Хотя на снимках они были не совсем одни, в каждом кадре они смотрели друг на друга с мягкой улыбкой как пара. Девушка то касалась его щеки, то обнимала за плечи, то наклонялась к нему с серьёзным лицом и клала руку ему на ладонь. С каждым новым фото ребёнок внутри в ответ яростно бился о стенки живота.
— А он кто? — Джу Соль Хон указала на мужчину, остававшегося вне фокуса.
— Иван Солженицын.
— Солженицын? Из семьи премьера?
— Всё верно. Единственный сын премьер-министра Максима Солженицына.
— …И что он делает рядом с Виктором?
Она недоумённо нахмурилась.
— По официальной версии, они учились в МГУ. Иван Солженицын врач, так что точек соприкосновения может быть немало. Но мы ещё проверяем. Однако… — Дэймон прикурил и бросил взгляд в её сторону. — Разве не ты должна была докладывать мне, с кем встречается твой муж?
Джу Соль Хон зажала рот и нос ладонью и отступила на шаг.
— Ригай Виктор, который вечно жил затворником, теперь регулярно встречается с людьми. И ты, его жена, ничего об этом не знаешь? Расслабилась, Зоя. Или тебе, не дай бог, по душе пришлась роль мамаши?
Слова ударили по больному месту. Её лицо перекосилось.
— Мы… мы уже не такие, как раньше…
Кто, как не я, привела этого мужчину туда, где он есть? Кто возился с ним, терпел его неловкость, прикидывался заботливой и ласковой, хотя мне это было чуждо?
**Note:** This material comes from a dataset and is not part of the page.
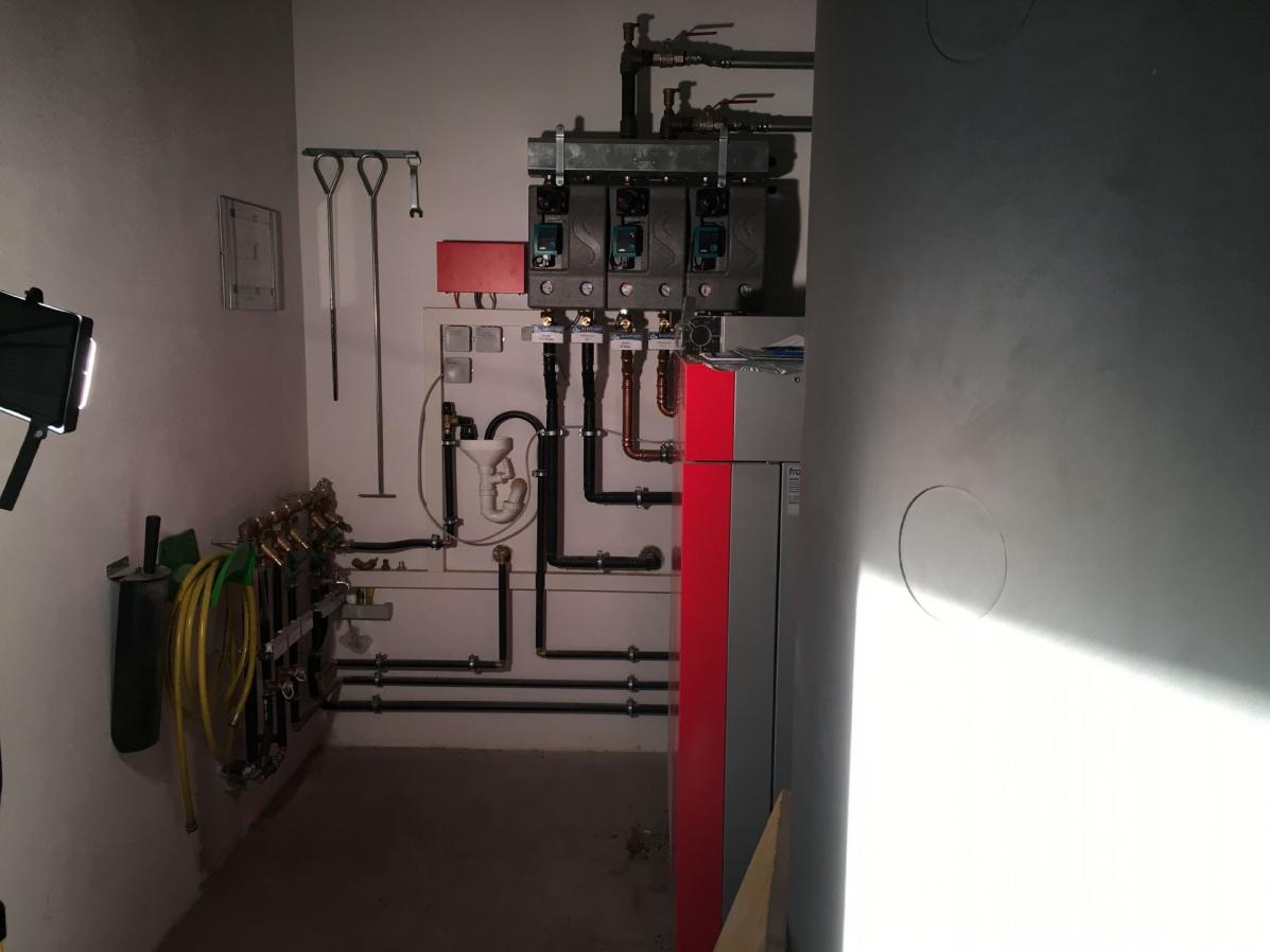 Stückholz- Pellets Kombi Kessel zur Beheizung von zwei Wohneinheiten (Alt- und Neubau).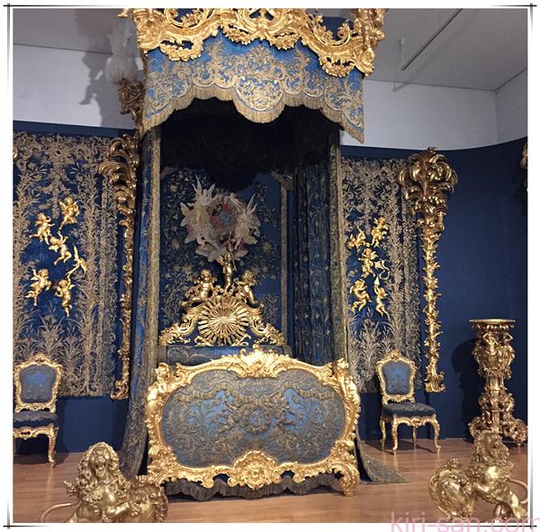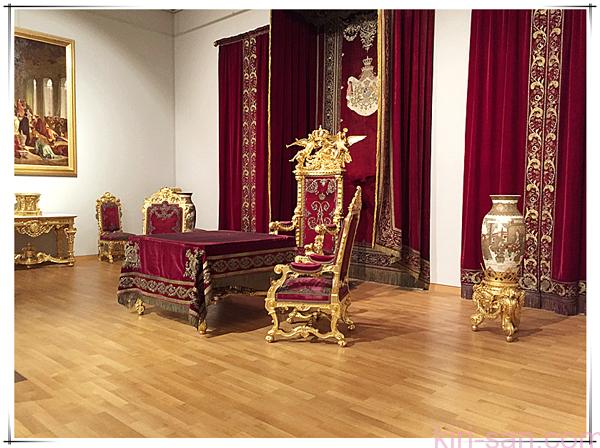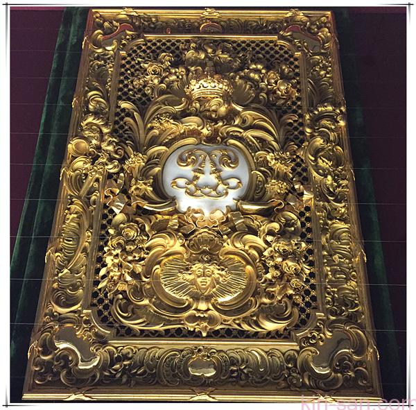 皇帝房間最觸目的導遊會說是天鵝型的水龍頭,可是還有我認為更有意思的,就是皇帝睡床上橫七豎八、如天主教教堂一樣的橡木製精緻尖塔直指天花。

И теперь он с другой?
Та женщина тоже была врачом, выпускницей МГУ. Джу Соль Хон скомкала снимки в руке.
— После того как я забеременела, Ригай начал отдаляться.
— …
— Я уже говорила, это не поддаётся контролю. Виктор не выносит мысль об этом ребёнке. Он не справится, пока тот не исчезнет.
— Тогда избавься от него.
Джу Соль Хон невольно поднесла руки к отяжелевшему животу.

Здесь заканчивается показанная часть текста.